■ Instructions to follow: The listing that follows should be copied in full and exactly, with no pictures.

■ Exercise data:
----
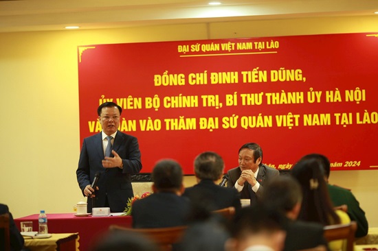 Bí thư Thành ủy Hà Nội Đinh Tiến Dũng thăm Đại sứ quán Việt Nam tại Lào
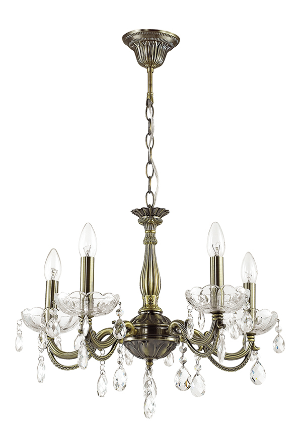 Люстра 2988/5 серии Candelia оформлена в классическом стиле. Люстра состоит из классической бронзовой арматуры, декорированной хрустальными блюдцами под лампочки-свечки и множеством хрустальных подвесок. Классический блеск и сияние данной модели станут украшением Вашего дома. Цоколь E14. Мощность 5x40W. Нет ламп в комплекте.
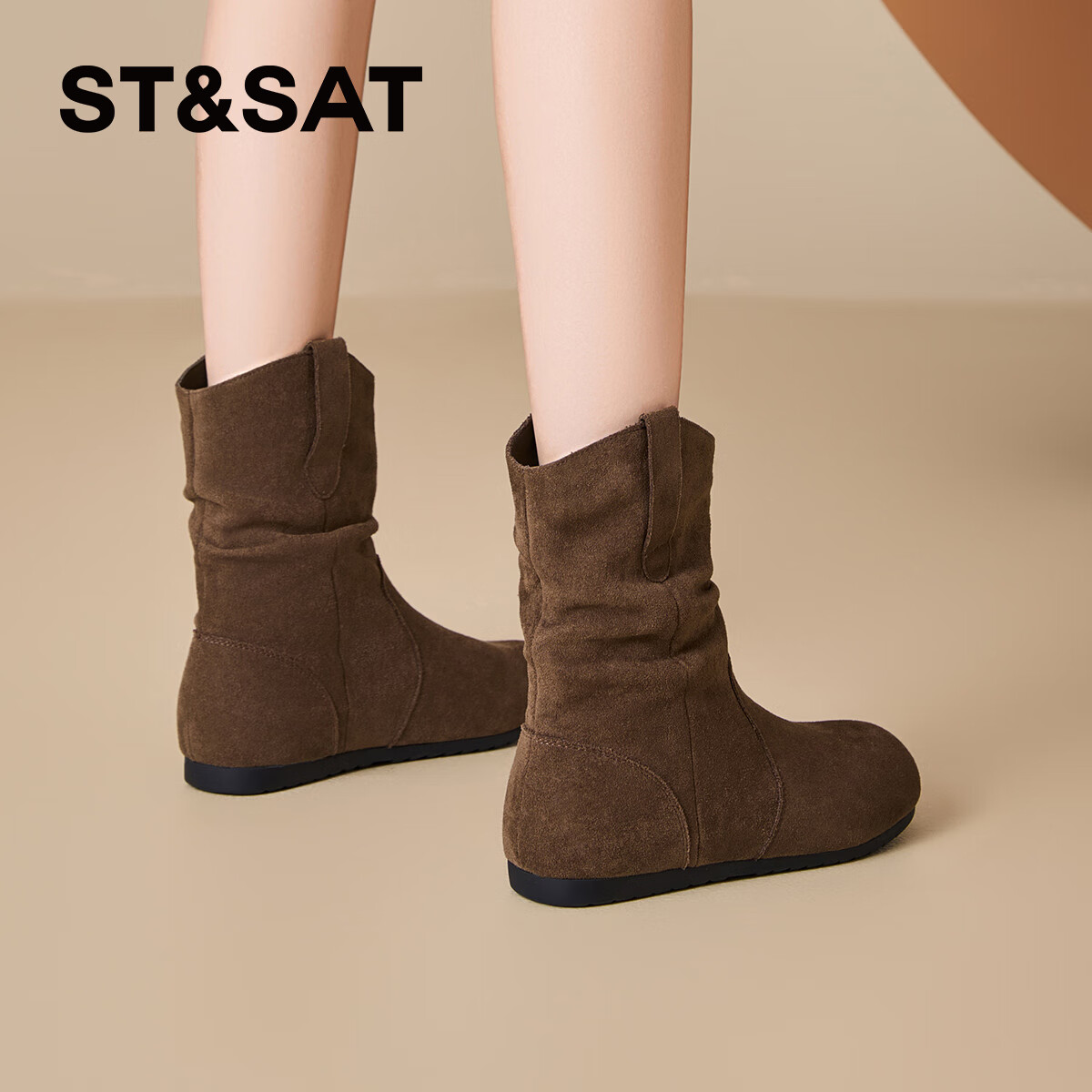 星期六短筒靴女2025年新款爆款秋冬复古时尚瘦瘦靴舒适百搭马丁靴堆堆靴 驼色 37
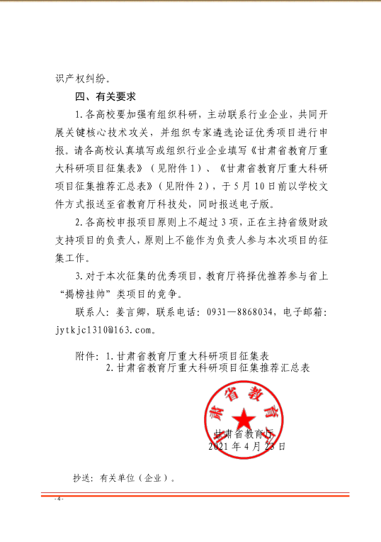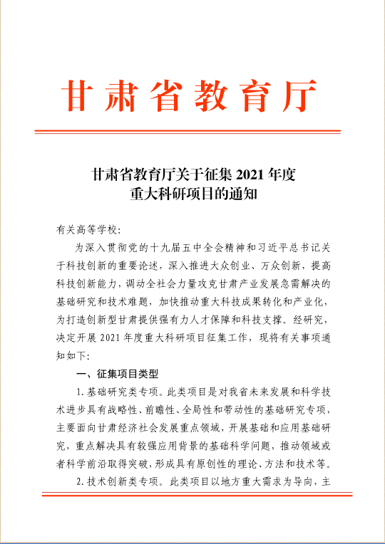 甘肃省教育厅关于征集 2021 年度 重大科研项目的通知 来源: 发布时间:2021-04-28 17:14:00 浏览次数: 次 【字体:小 大】 附件1.甘肃省教育厅重大研究项目征集表(1).doc附件2.甘肃省教育厅重大研究项目征集推荐汇总表(1).doc 终审:科技服务处 分享到: 【打印正文】
----
■ Solution:
 Bí thư Thành ủy Hà Nội Đinh Tiến Dũng thăm Đại sứ quán Việt Nam tại Lào
 Люстра 2988/5 серии Candelia оформлена в классическом стиле. Люстра состоит из классической бронзовой арматуры, декорированной хрустальными блюдцами под лампочки-свечки и множеством хрустальных подвесок. Классический блеск и сияние данной модели станут украшением Вашего дома. Цоколь E14. Мощность 5x40W. Нет ламп в комплекте.
 星期六短筒靴女2025年新款爆款秋冬复古时尚瘦瘦靴舒适百搭马丁靴堆堆靴 驼色 37
 甘肃省教育厅关于征集 2021 年度 重大科研项目的通知 来源: 发布时间:2021-04-28 17:14:00 浏览次数: 次 【字体:小 大】 附件1.甘肃省教育厅重大研究项目征集表(1).doc附件2.甘肃省教育厅重大研究项目征集推荐汇总表(1).doc 终审:科技服务处 分享到: 【打印正文】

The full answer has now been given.